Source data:
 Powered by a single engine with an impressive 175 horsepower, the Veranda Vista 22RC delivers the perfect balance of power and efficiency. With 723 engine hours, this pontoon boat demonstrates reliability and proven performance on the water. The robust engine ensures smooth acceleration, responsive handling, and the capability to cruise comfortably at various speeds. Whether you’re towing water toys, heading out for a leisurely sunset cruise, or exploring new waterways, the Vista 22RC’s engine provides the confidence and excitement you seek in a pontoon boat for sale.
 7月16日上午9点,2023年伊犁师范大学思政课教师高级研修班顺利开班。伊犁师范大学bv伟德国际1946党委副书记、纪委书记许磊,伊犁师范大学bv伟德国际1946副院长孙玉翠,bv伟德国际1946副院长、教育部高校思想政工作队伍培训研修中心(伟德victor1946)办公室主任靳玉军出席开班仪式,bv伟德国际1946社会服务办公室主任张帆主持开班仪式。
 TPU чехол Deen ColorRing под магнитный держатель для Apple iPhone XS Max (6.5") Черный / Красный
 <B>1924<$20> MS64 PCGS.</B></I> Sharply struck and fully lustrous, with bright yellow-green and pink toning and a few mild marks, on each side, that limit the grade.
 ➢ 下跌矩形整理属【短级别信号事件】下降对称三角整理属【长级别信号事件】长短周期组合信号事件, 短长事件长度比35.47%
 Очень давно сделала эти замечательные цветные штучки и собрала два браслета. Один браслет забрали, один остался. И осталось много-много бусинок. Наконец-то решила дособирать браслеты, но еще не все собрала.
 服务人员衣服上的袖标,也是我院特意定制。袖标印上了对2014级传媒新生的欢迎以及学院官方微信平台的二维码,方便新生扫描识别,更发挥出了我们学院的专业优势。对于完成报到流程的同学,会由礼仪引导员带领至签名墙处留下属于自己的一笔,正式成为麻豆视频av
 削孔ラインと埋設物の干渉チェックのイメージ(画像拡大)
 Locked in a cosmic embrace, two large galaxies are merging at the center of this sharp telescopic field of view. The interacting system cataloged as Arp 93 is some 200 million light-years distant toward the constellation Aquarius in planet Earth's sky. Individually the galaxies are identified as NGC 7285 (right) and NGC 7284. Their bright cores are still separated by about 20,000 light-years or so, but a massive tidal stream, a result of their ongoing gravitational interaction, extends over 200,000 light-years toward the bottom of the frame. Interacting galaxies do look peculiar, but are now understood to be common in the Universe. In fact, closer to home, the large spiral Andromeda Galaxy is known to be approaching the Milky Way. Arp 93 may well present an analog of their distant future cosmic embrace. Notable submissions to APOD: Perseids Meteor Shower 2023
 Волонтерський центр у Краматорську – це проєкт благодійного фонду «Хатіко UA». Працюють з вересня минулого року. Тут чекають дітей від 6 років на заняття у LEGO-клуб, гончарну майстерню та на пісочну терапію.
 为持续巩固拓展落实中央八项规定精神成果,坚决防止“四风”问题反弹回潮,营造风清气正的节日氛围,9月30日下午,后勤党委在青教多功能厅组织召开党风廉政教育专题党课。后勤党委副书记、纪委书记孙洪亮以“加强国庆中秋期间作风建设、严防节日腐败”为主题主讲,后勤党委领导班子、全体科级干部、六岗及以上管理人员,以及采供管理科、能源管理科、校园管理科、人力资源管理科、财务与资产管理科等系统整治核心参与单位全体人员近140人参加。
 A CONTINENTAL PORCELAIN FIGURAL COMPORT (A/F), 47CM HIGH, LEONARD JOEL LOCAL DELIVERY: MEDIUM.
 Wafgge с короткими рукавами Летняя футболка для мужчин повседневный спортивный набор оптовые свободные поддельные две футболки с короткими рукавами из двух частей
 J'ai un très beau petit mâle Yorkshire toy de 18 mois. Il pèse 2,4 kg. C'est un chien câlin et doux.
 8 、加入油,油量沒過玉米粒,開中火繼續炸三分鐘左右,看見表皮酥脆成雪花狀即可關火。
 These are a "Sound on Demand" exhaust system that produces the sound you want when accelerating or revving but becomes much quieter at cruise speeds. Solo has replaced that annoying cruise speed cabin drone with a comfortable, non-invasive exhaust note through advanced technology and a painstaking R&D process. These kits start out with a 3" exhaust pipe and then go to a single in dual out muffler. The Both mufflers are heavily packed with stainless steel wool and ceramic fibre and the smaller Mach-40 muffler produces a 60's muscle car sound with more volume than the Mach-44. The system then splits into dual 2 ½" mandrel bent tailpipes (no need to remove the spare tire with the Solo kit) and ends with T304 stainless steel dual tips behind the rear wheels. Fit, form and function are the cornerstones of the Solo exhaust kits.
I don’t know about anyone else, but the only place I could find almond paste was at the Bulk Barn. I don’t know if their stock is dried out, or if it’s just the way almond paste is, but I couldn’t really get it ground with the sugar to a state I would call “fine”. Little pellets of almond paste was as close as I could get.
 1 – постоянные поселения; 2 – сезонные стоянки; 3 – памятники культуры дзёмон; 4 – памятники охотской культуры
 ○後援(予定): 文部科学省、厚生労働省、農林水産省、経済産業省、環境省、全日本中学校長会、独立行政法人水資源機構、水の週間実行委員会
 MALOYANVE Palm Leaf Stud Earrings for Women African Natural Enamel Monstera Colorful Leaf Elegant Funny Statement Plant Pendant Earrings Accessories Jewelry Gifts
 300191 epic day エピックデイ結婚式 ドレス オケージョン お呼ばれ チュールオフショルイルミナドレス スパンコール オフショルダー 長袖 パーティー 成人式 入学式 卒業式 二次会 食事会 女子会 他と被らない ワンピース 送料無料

Assignment =
Print the data again exactly.

Answer area =
 Powered by a single engine with an impressive 175 horsepower, the Veranda Vista 22RC delivers the perfect balance of power and efficiency. With 723 engine hours, this pontoon boat demonstrates reliability and proven performance on the water. The robust engine ensures smooth acceleration, responsive handling, and the capability to cruise comfortably at various speeds. Whether you’re towing water toys, heading out for a leisurely sunset cruise, or exploring new waterways, the Vista 22RC’s engine provides the confidence and excitement you seek in a pontoon boat for sale.
 7月16日上午9点,2023年伊犁师范大学思政课教师高级研修班顺利开班。伊犁师范大学bv伟德国际1946党委副书记、纪委书记许磊,伊犁师范大学bv伟德国际1946副院长孙玉翠,bv伟德国际1946副院长、教育部高校思想政工作队伍培训研修中心(伟德victor1946)办公室主任靳玉军出席开班仪式,bv伟德国际1946社会服务办公室主任张帆主持开班仪式。
 TPU чехол Deen ColorRing под магнитный держатель для Apple iPhone XS Max (6.5") Черный / Красный
 <B>1924<$20> MS64 PCGS.</B></I> Sharply struck and fully lustrous, with bright yellow-green and pink toning and a few mild marks, on each side, that limit the grade.
 ➢ 下跌矩形整理属【短级别信号事件】下降对称三角整理属【长级别信号事件】长短周期组合信号事件, 短长事件长度比35.47%
 Очень давно сделала эти замечательные цветные штучки и собрала два браслета. Один браслет забрали, один остался. И осталось много-много бусинок. Наконец-то решила дособирать браслеты, но еще не все собрала.
 服务人员衣服上的袖标,也是我院特意定制。袖标印上了对2014级传媒新生的欢迎以及学院官方微信平台的二维码,方便新生扫描识别,更发挥出了我们学院的专业优势。对于完成报到流程的同学,会由礼仪引导员带领至签名墙处留下属于自己的一笔,正式成为麻豆视频av
 削孔ラインと埋設物の干渉チェックのイメージ(画像拡大)
 Locked in a cosmic embrace, two large galaxies are merging at the center of this sharp telescopic field of view. The interacting system cataloged as Arp 93 is some 200 million light-years distant toward the constellation Aquarius in planet Earth's sky. Individually the galaxies are identified as NGC 7285 (right) and NGC 7284. Their bright cores are still separated by about 20,000 light-years or so, but a massive tidal stream, a result of their ongoing gravitational interaction, extends over 200,000 light-years toward the bottom of the frame. Interacting galaxies do look peculiar, but are now understood to be common in the Universe. In fact, closer to home, the large spiral Andromeda Galaxy is known to be approaching the Milky Way. Arp 93 may well present an analog of their distant future cosmic embrace. Notable submissions to APOD: Perseids Meteor Shower 2023
 Волонтерський центр у Краматорську – це проєкт благодійного фонду «Хатіко UA». Працюють з вересня минулого року. Тут чекають дітей від 6 років на заняття у LEGO-клуб, гончарну майстерню та на пісочну терапію.
 为持续巩固拓展落实中央八项规定精神成果,坚决防止“四风”问题反弹回潮,营造风清气正的节日氛围,9月30日下午,后勤党委在青教多功能厅组织召开党风廉政教育专题党课。后勤党委副书记、纪委书记孙洪亮以“加强国庆中秋期间作风建设、严防节日腐败”为主题主讲,后勤党委领导班子、全体科级干部、六岗及以上管理人员,以及采供管理科、能源管理科、校园管理科、人力资源管理科、财务与资产管理科等系统整治核心参与单位全体人员近140人参加。
 A CONTINENTAL PORCELAIN FIGURAL COMPORT (A/F), 47CM HIGH, LEONARD JOEL LOCAL DELIVERY: MEDIUM.
 Wafgge с короткими рукавами Летняя футболка для мужчин повседневный спортивный набор оптовые свободные поддельные две футболки с короткими рукавами из двух частей
 J'ai un très beau petit mâle Yorkshire toy de 18 mois. Il pèse 2,4 kg. C'est un chien câlin et doux.
 8 、加入油,油量沒過玉米粒,開中火繼續炸三分鐘左右,看見表皮酥脆成雪花狀即可關火。
 These are a "Sound on Demand" exhaust system that produces the sound you want when accelerating or revving but becomes much quieter at cruise speeds. Solo has replaced that annoying cruise speed cabin drone with a comfortable, non-invasive exhaust note through advanced technology and a painstaking R&D process. These kits start out with a 3" exhaust pipe and then go to a single in dual out muffler. The Both mufflers are heavily packed with stainless steel wool and ceramic fibre and the smaller Mach-40 muffler produces a 60's muscle car sound with more volume than the Mach-44. The system then splits into dual 2 ½" mandrel bent tailpipes (no need to remove the spare tire with the Solo kit) and ends with T304 stainless steel dual tips behind the rear wheels. Fit, form and function are the cornerstones of the Solo exhaust kits.
I don’t know about anyone else, but the only place I could find almond paste was at the Bulk Barn. I don’t know if their stock is dried out, or if it’s just the way almond paste is, but I couldn’t really get it ground with the sugar to a state I would call “fine”. Little pellets of almond paste was as close as I could get.
 1 – постоянные поселения; 2 – сезонные стоянки; 3 – памятники культуры дзёмон; 4 – памятники охотской культуры
 ○後援(予定): 文部科学省、厚生労働省、農林水産省、経済産業省、環境省、全日本中学校長会、独立行政法人水資源機構、水の週間実行委員会
 MALOYANVE Palm Leaf Stud Earrings for Women African Natural Enamel Monstera Colorful Leaf Elegant Funny Statement Plant Pendant Earrings Accessories Jewelry Gifts
 300191 epic day エピックデイ結婚式 ドレス オケージョン お呼ばれ チュールオフショルイルミナドレス スパンコール オフショルダー 長袖 パーティー 成人式 入学式 卒業式 二次会 食事会 女子会 他と被らない ワンピース 送料無料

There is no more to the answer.